Text description - screencast for exercise 13

[The narrator reads out the onscreen text.]

NARRATOR: Exercise 13. Show that t equals tan of 67.5 degrees satisfies the quadratic equation t squared minus 2t minus 1 equals 0 and hence find its exact value. Using the double angle formula for tan, that is tan of 2x is equal to 2 times tan x divided by 1 minus tan squared x, we can see that tan of 135 degrees, which is 2 times 67.5 degrees, is equal to 2 times tan of 67.5 degrees divided by 1 minus tan of 67.5 degrees all squared. Substituting the fact that t equals tan of 67.5 degrees, we see that tan of 135 degrees is equal to 2t divided by 1 minus t squared.

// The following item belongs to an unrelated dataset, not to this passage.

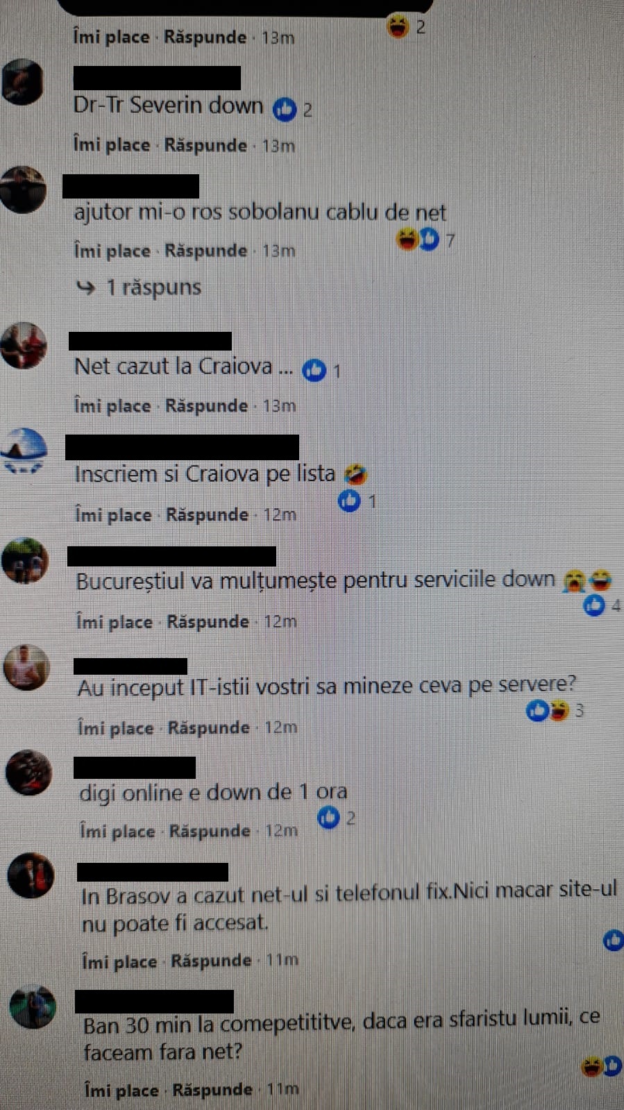 Problema a fost semnalată de utilizatori și pe pagina de Facebook a companiei. Problema a fost remediată tot în cursul serii de miercuri.

Now, tan of 135 degrees we can evaluate using the unit circle. So 135 degrees is an angle in the second quadrant that is 45 degrees away from the x-axis. And so we can relate tan of 45 degrees with tan of 135 degrees using symmetry. And see that tan of 135 degrees is equal to negative tan of 45 degrees.

Using a "special triangle", we can see that tan of 45 degrees equals 1, so therefore tan of 135 degrees is equal to negative 1. So negative 1 equals 2t divided by 1 minus t squared which means that negative 1 minus t squared is equal to 2t or t squared minus 1 is equal to 2t so t squared minus 2t minus 1 equals 0. And so we've established that t squared minus 2t minus 1 equals 0. And so we can go on to solve this equation for t in order to determine the exact value of tan of 67.5 degrees.

So we first attempt to factorise this quadratic. Factors of negative 1 that add to negative 2. And since there are no such factors, we go to the quadratic formula. So t is equal to 2 plus or minus the square root of 4 minus 4 times 1 times negative 1 all divided by 2, which is 2 plus or minus the square root of 4 plus 4 over 2, which is 2 plus or minus the square root of 8 over 2. The square root of 8 simplifies to 2 root 2. And dividing everything through by 2, we get 1 plus or minus the square root of 2.

But t, which is tan of 67.5 degrees, must be positive, and we know this from the unit circle that tan of 67.5 degrees is going to be a positive value. So therefore tan of 67.5 degrees must be equal to 1 plus the square root of 2.